American singer (born 1977)

Kevin Ceballo (born October 12, 1977) is a salsa music singer of Puerto Rican descent.

==Early life and education==
Ceballo's parents moved from Puerto Rico and settled in Manhattan where Ceballo was born. They were Seventh-Day Adventists and as such Ceballo was exposed to and enjoyed the gospel singing at his House of Worship. In his household "salsa" and other types of popular music were considered taboo, this however did not keep young Ceballo from listening to Latin music, which he secretly enjoyed, behind his parents back. During his teen years he came more and more into contact with the music he would grow to love.
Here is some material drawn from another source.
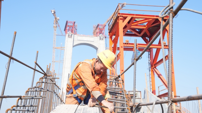 迎着晨曦的嘉陵江畔,数台塔吊挥动吊臂,来回运送钢筋和机具设备,在宝山嘉陵江大桥主墩箱梁两侧,工人们正认真检查设备运行状态,一切就绪后,挂篮行走、钢筋绑扎、模板安装、混凝土浇筑……多道工序有序紧密推进。继去年10月大桥主墩封顶后,目前主桥箱梁挂篮悬浇已施工至第3节段,正全速冲刺主桥合龙。同时引桥也在奋力从岸边向主桥一步步靠拢,预计下个月低墩区最后一联现浇箱梁浇筑完成。
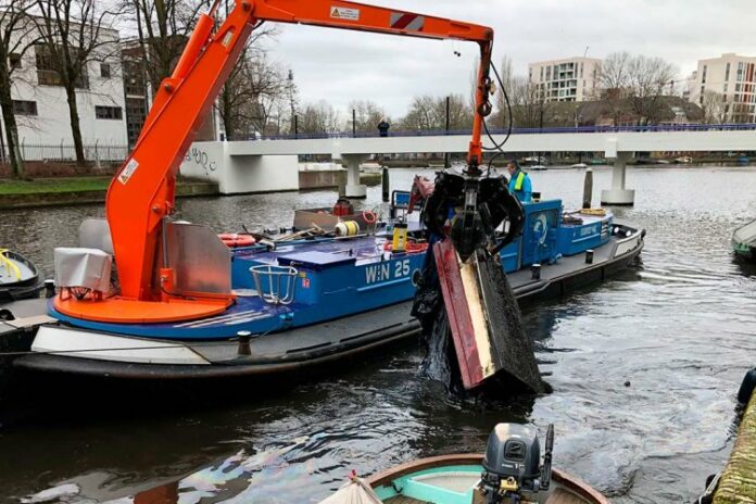 Damen Shipyards Hardinxveld has delivered a Damen Crane Vessel 1804 WN25 to the “bagger en drijfvuil” (dredging and floating debris) department of Waternet Amsterdam, the organization responsible to delivering fresh water and associated management services to 1.3 million people in and around Amsterdam.

Ceballo attended the famed High School of the Performing Arts in New York. There he dreamed of pursuing a career in singing and acting. At times when he was not in school, Ceballo would sing as back-up for any local salsa group that would require his services.

==Singing debut==
In 1997, Ceballo caught the attention of pianist Isidro Infante, while singing at a local night club. Infante was impressed with Kevin and asked him if he would like to join his group as one of the lead singers. He took Infante up on his offer and soon was featured in the CD recording "Licencia Para Engañar" (License to Deceive), which was released in 1998. The CD included "Cuando Pienso en Tí" (When I think of You), composed by Ceballo. He traveled all over the world with Infantes band.
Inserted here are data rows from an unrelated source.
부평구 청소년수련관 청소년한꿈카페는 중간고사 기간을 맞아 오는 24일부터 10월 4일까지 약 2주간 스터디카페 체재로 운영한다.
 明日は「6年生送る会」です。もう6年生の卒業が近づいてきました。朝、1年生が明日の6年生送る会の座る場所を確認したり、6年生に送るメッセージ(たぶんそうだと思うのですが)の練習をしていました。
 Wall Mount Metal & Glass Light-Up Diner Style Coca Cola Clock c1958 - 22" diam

La India, a Puerto Rican salsa singer, asked Ceballo to sing back-up for her CD "Sobre el Fuego" (On the Fire), which was nominated for a Grammy Award.

==Solo debut==

The year 2000, was the year that Ceballo made his debut as a solo singer, when he recorded his CD Mi Primer Amor" (My First Love). The CD also featured two other compositions by him, "Que Clase de Hombre" (What kind of Man) and "Quiero Bailar" (I want to Dance). His CD became a number one hit in the Latin music charts. Ceballo was named "New Artist of the Year'. Besides singing with La India, Ceballo had also performed with Celia Cruz, Tito Puente and Eddie Palmieri.

On October 20, 2002, Ceballo headlined a free concert at the Verizon Music Festival held in Washington, D.C., with the participation of the late Celia Cruz. On April 11, 2003, Ceballo played with Jimmy Bosch at the Copacabana Nightclub in New York. That year he also recorded "Yo Soy Ese Hombre" (I'm that Man) which was produced by Infante. The album included "Eternamente Te Amaré", a salsa interpretation of the Angela Via and Frankie Negrón duet recorded in 2000. On June 26, 2004, Ceballo performed as the headliner in the "Latino Fest" celebrated at Patterson Park in Baltimore, Maryland.